Agent Swarms on the BEAM

Vision

The BEAM was built for running millions of lightweight, isolated, communicating processes. That’s exactly what an AI agent swarm is. The patterns emerging in tools like Claude Code’s teams feature—where a lead agent spawns specialized workers, coordinates via message passing, tracks tasks with dependencies, and gracefully shuts down completed agents—that’s just OTP.

Why the BEAM Is Perfect for Agent Swarms

Concurrency Without Complexity

An AI agent that reads files, searches code, runs shell commands, and calls LLMs is inherently concurrent. On the BEAM, each tool execution is a lightweight process. Parallel tool calls aren’t a threading nightmare—they’re just Task.async_stream.

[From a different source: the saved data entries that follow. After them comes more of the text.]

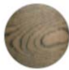
A3 - OAK WITH KNOTS FINISH MYSTIC BLACK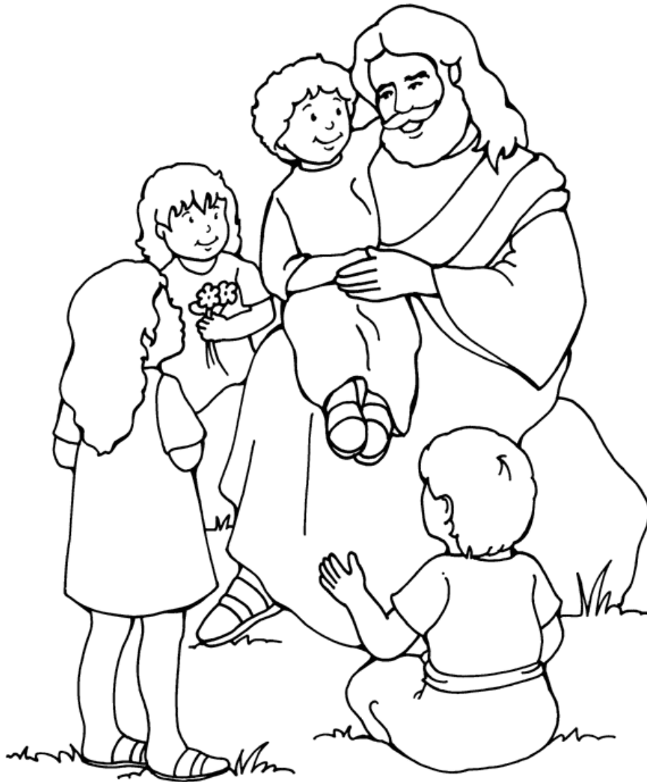
Jesus and the Children

From Thru-the-Bible Coloring Pages for Ages 4-8. © 1986,1988 Standard Publishing. Used by permission. Reproducible Coloring Books may be purchased from Standard Publishing, www.standardpub.com, 1-800-543-1301.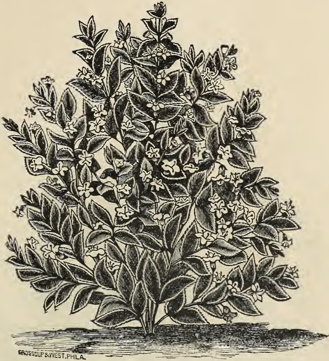
WEIGELIA ROSEA, VARIEGATED LEAVED. —(See page 27.)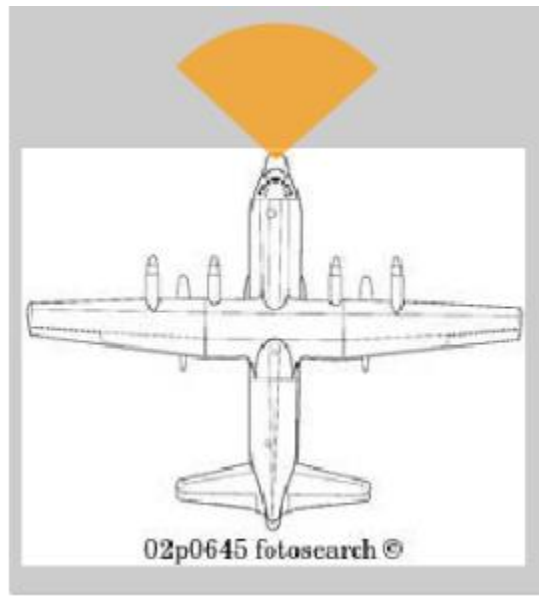
Figure 1: A comparison of the views from the crew stations of a C-130 (L) vs. the point of view using Google Earth (R).

One possible hardware configuration of the rehearsal system would consist of 5 VR “rigs” (a headset with headphones and microphone, along with hand controllers and a laptop computer) for the use of the four crew members and an “in VR” observer if needed or desired, plus an additional computer to handle inputting of information and generation of the simulation. Besides the mapping and other mission data, the additional computer would make sure all the crew an accurate view based on both their location in the aircraft and their head movements. All of this equipment would fit in one or two deployment ready cases, minimizing the unit’s additional deployment footprint.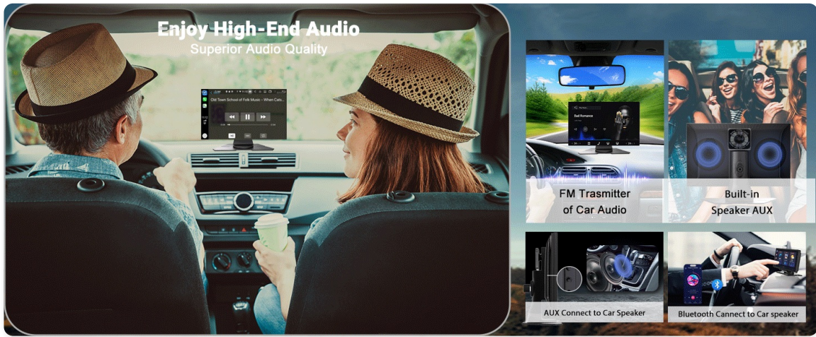
Image: A visual guide to the CarPlay screen's audio output options, showing connections for Bluetooth, AUX, FM, and internal speakers.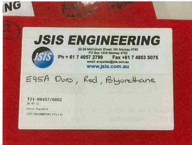
Fig.1: Sample material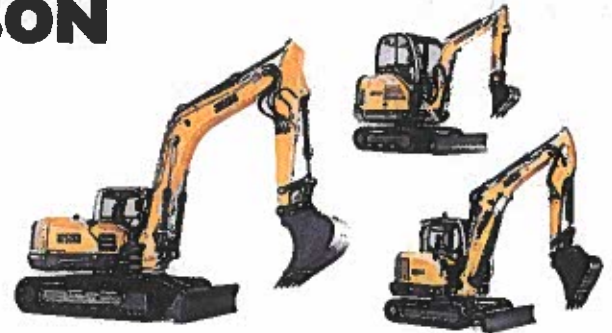
Compact Excavators 2,400lbs - 34,000lbs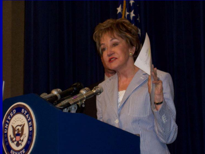
Dole addresses reporters at a Senate press conference. (June 2007)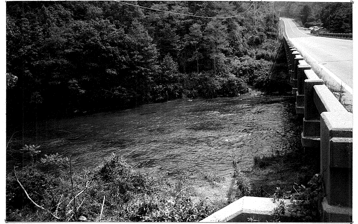
Fig. 3 View back station from a point near EB2-A

PROJECT NO: 8.1711401 (B-4010) COUNTY: Ashe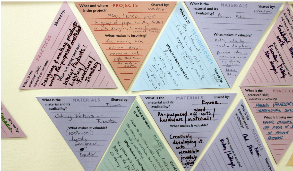
Figure 1: Wisdom Wall cards were provided to participants to categorize and capture their knowledge and insights into existing resources that could be useful in inspiring ideas around innovation of the craft and creative sectors in Shetland.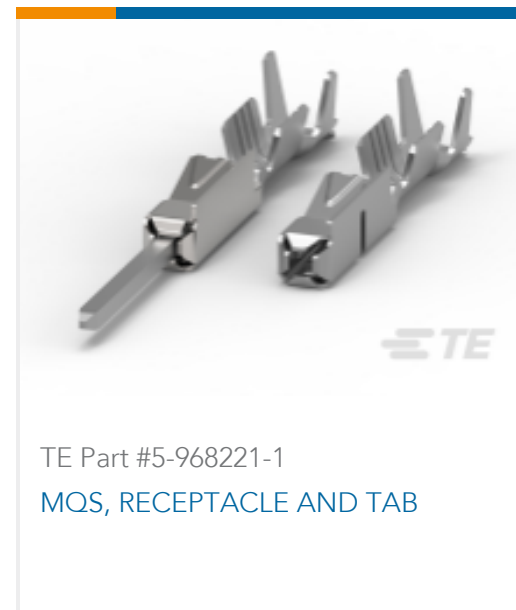
TE Part #5-968221-1 MQS, RECEPTACLE AND TAB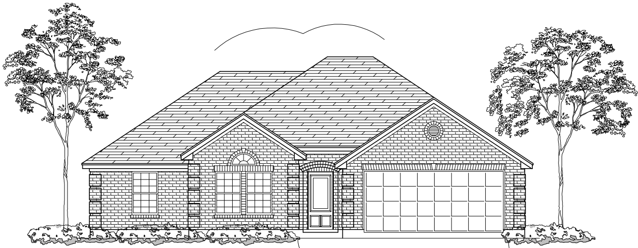
FRONT ELEVATION - PLAN: 1870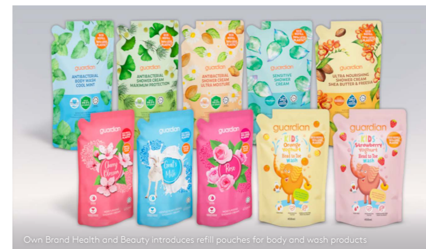
Own Brand Health and Beauty introduces refill pouches for body and wash products

In addition to our goal of making all Own Brand product packaging recyclable by 2030, we are also implementing initiatives to promote the use of reusable packaging. Guardian Malaysia introduced refill pouches for popular Own Brand body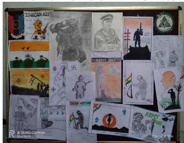
ARMY DAY CELEBRATION ON 15 TH JAN 2024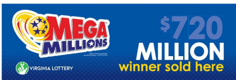
Mega Millions Winner Awareness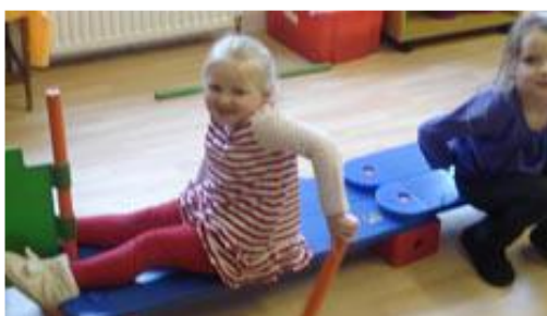
More shapes and Colour. Exhausting work building!

The Adventurers - Children from 2 - 3 years have their own activity and quiet areas. At this stage some Montessori educational materials and other equipment are introduced to provide an enjoyable and adventurous programme. The assessments at this stage concentrate on emotional development along with skills in identifying basic shapes, colour recognition, counting and language development. Outdoor play, visits and visitors will encourage the Adventurers to explore the outside world.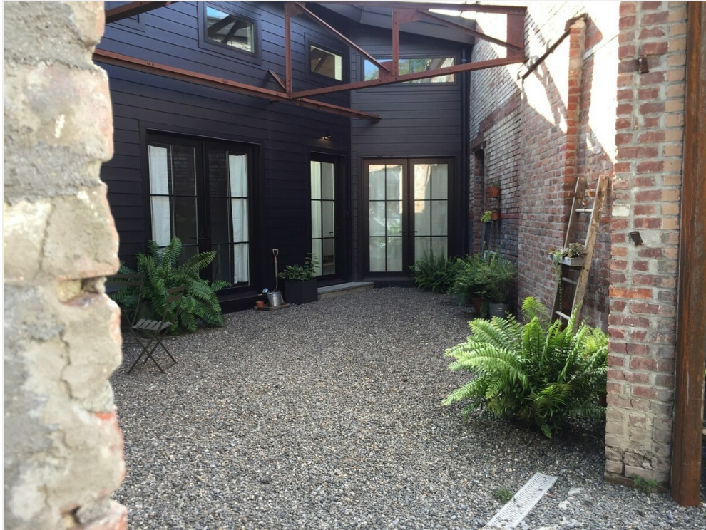
747 1/2 Columbia St - Rear Courtyard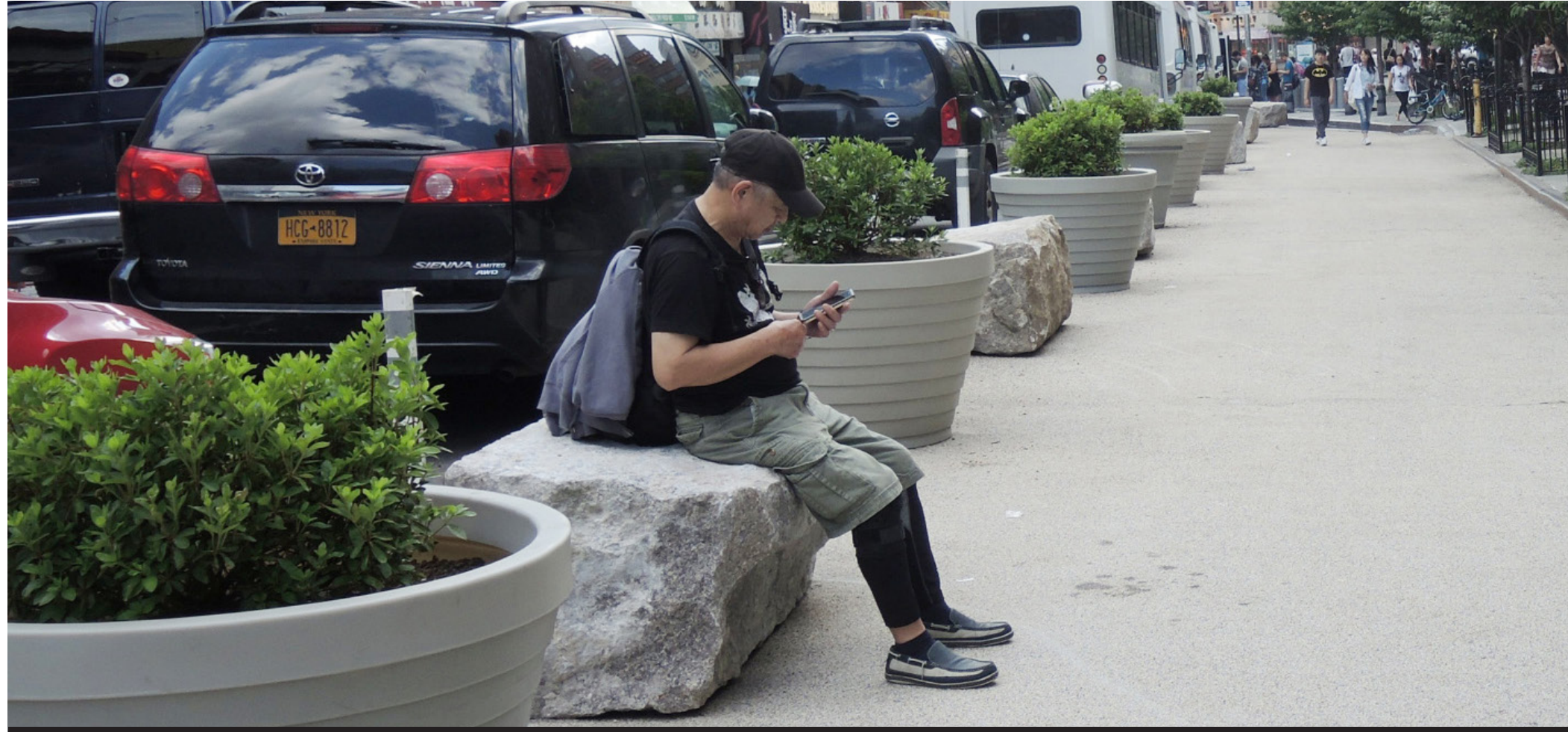
Planters, Blocks, and Other Edge Objects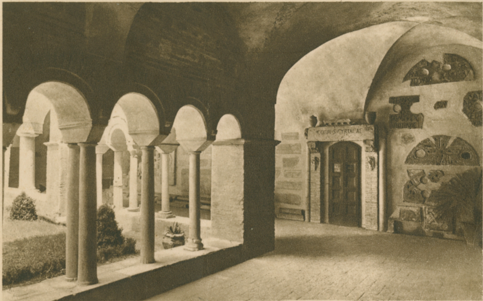
Peristilio del Chiostro e nuovo ingresso alle Catacombe di S. Ciriaca - Restauro 1929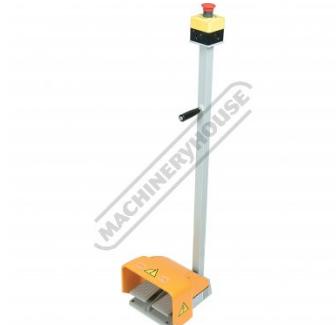
Forward & Reverse Foot Control With Emergency Stop Switch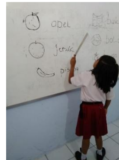
Figure 1: The learning atmosphere in ES.

The implementation of education in Extraordinary School (ES) are to: (1) provide the widest possible opportunity for all students who have physical, emotional, mental, and social disabilities or have the potential for intelligence and/or special talents to obtain quality education in accordance with their needs and abilities; (2) realizing the implementation of education that respects diversity, and is not discriminatory for all students, (Riwanto, 2018). Figure 1 below shows the learning atmosphere in ES. Students seemed enthusiastic about learning mathematics, but without using teaching aids.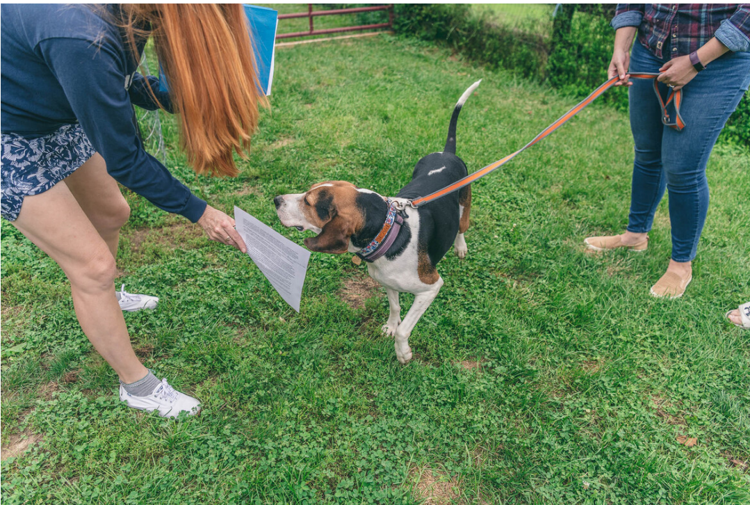
Annie makes certain that all her papers are in order.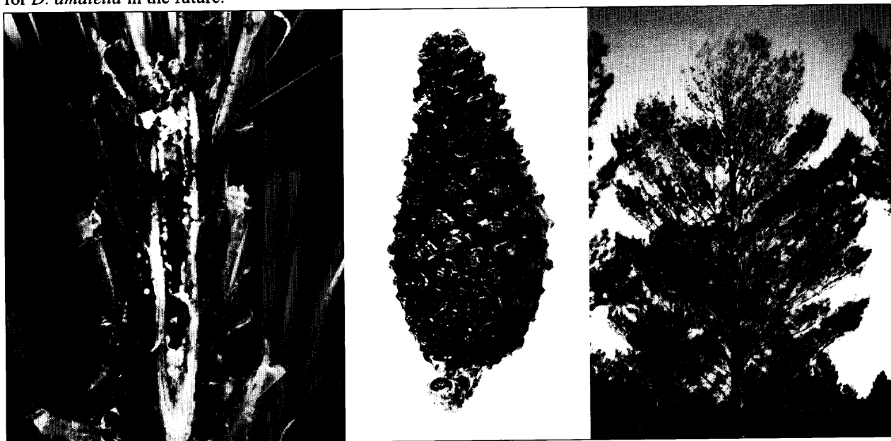
Figs. 5-7. 5) D. amatella larva causing terminal (shoot) dieback on young longleaf pine; 6) second-year slash pine cone infested by D. amatella , note resin and frass mixture evident on upper-third of cone; and 7) Top-dieback of sand pine caused by multiple stem infestations of D. amatella .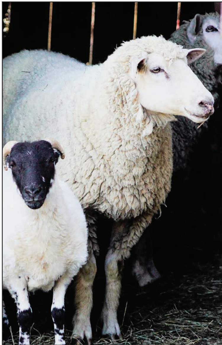
aganza, and the Southern Adirondack Fiber Festival.

Many of the Tour's fiber farmers exhibit their animals and products nationally, where they have won major awards at events like the Eastern States Exposition, the NYS Sheep and Wool Festival, the New England area North American Cashmere Goat Show, the Empire Alpaca Extrav-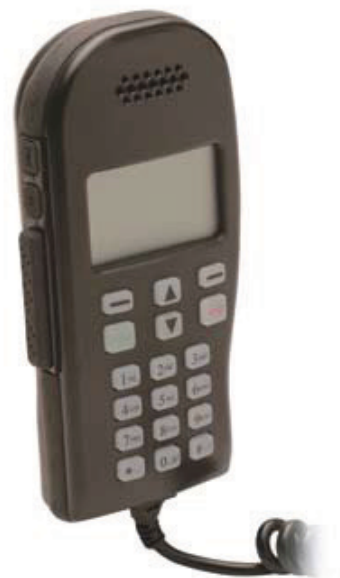
DT-200 Series Handset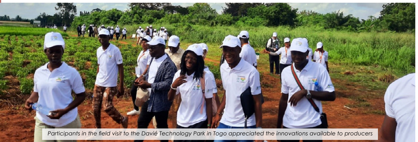
Participants in the field visit to the Davié Technology Park in Togo appreciated the innovations available to producers

The fourth Agricultural Technologies and innovations Market (MITA), organized by CORAF in partnership with the Togolese Institute for Agricultural Research (ITRA), took place from 21 to 25 October 2024 in Lome, Togo. Under the theme: "Facilitating access to agricultural technologies and innovations for the integrated management of pests..." Read more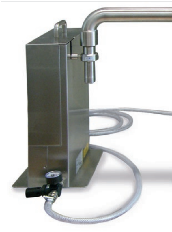
VRBG with cyclone

For the generation of polydisperse solid aerosols from bulk powder material

# Spawn 4 agents to analyze different modules in parallel
tasks = [
  {ResearcherAgent, :analyze_usage, ["lib/loom/session.ex"]},
  {ResearcherAgent, :analyze_usage, ["lib/loom/agent.ex"]},
  {ResearcherAgent, :analyze_usage, ["lib/loom/tools/*.ex"]},
  {ResearcherAgent, :analyze_usage, ["test/**/*_test.exs"]}
]

results = Task.async_stream(tasks, fn {mod, fun, args} ->
  apply(mod, fun, args)
end)

No thread pools, no callback hell, no GIL.

Fault Tolerance Is Built In

When a shell command hangs or an LLM provider times out, OTP supervisors handle it. A crashed tool doesn’t take down the session. A crashed session doesn’t take down the application. This isn’t defensive coding—it’s how the BEAM works.

# If a researcher agent crashes, the supervisor restarts it
Supervisor.start_link(
  [
    {Loom.Agents.Researcher, name: :researcher_1},
    {Loom.Agents.Researcher, name: :researcher_2},
    {Loom.Agents.Architect, name: :architect},
    {Loom.Agents.Implementer, name: :implementer}
  ],
  strategy: :one_for_one
)

Process Discovery

Registry provides process discovery. Agents find each other by name, not by PID.

# Lead agent spawns workers
{:ok, researcher_pid} = DynamicSupervisor.start_child(
  Loom.SwarmSupervisor,
  {Loom.Agents.Researcher, session_id: session_id, role: :researcher}
)

# Later, any agent can find the researcher
{:ok, pid} = Registry.lookup(Loom.SwarmRegistry, {:researcher, session_id})
GenServer.call(pid, {:research, "How is auth implemented?"})

Native Message Passing

GenServer message passing is the native communication primitive. No Redis pub/sub, no HTTP polling, no message broker.

# Architect sends a task to implementer
GenServer.cast(
  implementer_pid,
  {:implement, %{
    file: "lib/loom/auth.ex",
    plan: "Add email/password authentication",
    constraints: ["Use Bcrypt for hashing", "Add tests"]
  }}
)

Monitors and Links

Handles the “what if an agent crashes?” problem that every other framework handles with retry loops and health checks.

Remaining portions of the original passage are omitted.